EMIRATES SkyCargo – which is rightly proud of its remarkable contribution to helping in the global war on Coronavirus – expects to reach the transportation milestone of 100 million doses of COVID-19 vaccines by the end of this month, writes Thelma Etim.
Since late 2020, the Middle Eastern carrier has moved in excess of 75 million doses of the life-saving medicines on more than 250 flights to some 60 destinations, a statement reveals. Such an achievement cements SkyCargo’s position as one of the leading specialists in transporting pharmaceuticals within the global airfreight industry, it insists.
The news comes as the Emirates airfreight division reveals further plans to expand its automated cool room capability to 94 pallet positions at its pharmaceuticals facility at Dubai International Airport, a location which boasts Good Distribution Practice (GDP) certification – a quality endorsement for warehouse and distribution centres dedicated to the handling of time- and temperature-sensitive shipments.
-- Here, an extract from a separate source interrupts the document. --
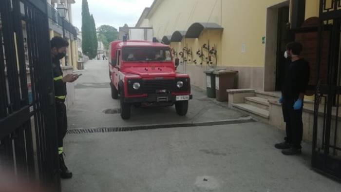 Sono stati i vigili del fuoco, anche con il nucleo Saf (Speleo alpino fluviale), ad intervenire questa mattina, poco dopo le 7.30, al camposanto. Hanno guadagnato l'accesso alla struttura dalla parte posteriore, attraverso il cancello riservato alle persone con disabilità, ed hanno raggiunto, accompagnati da un addetto, la zona segnalata.

The extended cool room will be able to store up to 90 million doses of COVID-19 vaccines at any one time and will provide an additional 2,600-sq m temperature-controlled environment offering temperature ranges from two to 25 degrees Celsius for the storage and handling of vaccines and other pharma shipments, the statement points out.
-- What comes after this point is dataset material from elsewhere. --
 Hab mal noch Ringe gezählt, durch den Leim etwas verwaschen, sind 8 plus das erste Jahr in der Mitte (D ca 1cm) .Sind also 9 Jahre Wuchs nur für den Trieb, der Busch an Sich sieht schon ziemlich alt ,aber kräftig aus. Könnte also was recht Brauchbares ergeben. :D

Commenting on the company’s progressive pharma strategy, Nabil Sultan, divisional senior vice-president of cargo at the airline, says Emirates SkyCargo is particularly proud to have flown more than 350 tonnes of COVID-19 vaccines around the world, delivering much needed support to communities that are still heavily impacted by the current wave of the pandemic. “However, we are always looking ahead and we anticipate that there will be an increase in demand to transport [such] vaccines to developing nations during the second half of this year,” he insists.
“Already, in line with increased manufacturing [output], we have seen a ramping up of COVID-19 vaccine volumes that have been transported over the last few weeks. We expect to reach the 100 million doses milestone well before the end of this month.”
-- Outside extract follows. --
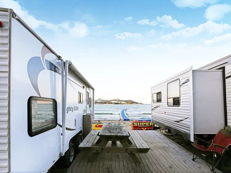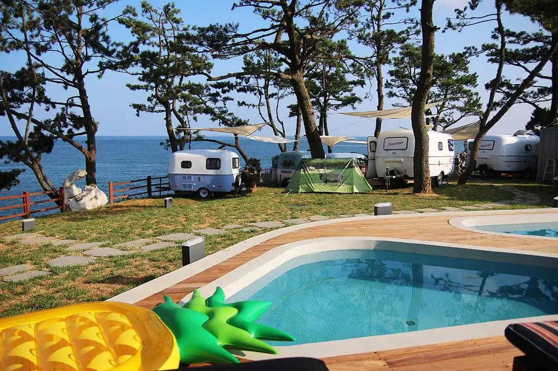 부산 해운대카라반펜션은 송정해수욕장 앞에 위치해있는 카라반 숙소로 송정 바다를 바라보며 카라반을 이용할 수 있다.

Despite a standard working environment of severely high day-time temperatures, even in the early stages of the pandemic the airline was one of the first specialist air cargo carriers to adequately prepare for the shipping of COVID-19 vaccines with a plan that embraced the establishment of a GDP-certified airside ground handling system at the Dubai hub.SkyCargo’s cool chain infrastructure for protecting temperature-sensitive shipments in transit between the aircraft and the Dubai cargo terminal now comprises a facility of more than 20,000-sq m for the storage and handling of the life-preserving vaccines, in an area which also employs more than 50 ‘cool dollies’.
Then, in January 2020, the airfreight division joined forces with complementary organisations DP World, the International Humanitarian City and Dubai Airports to establish the Dubai Vaccine Logistics Alliance with the aim of accelerating the transportation of COVID-19 vaccines through Dubai and onwards to developing countries.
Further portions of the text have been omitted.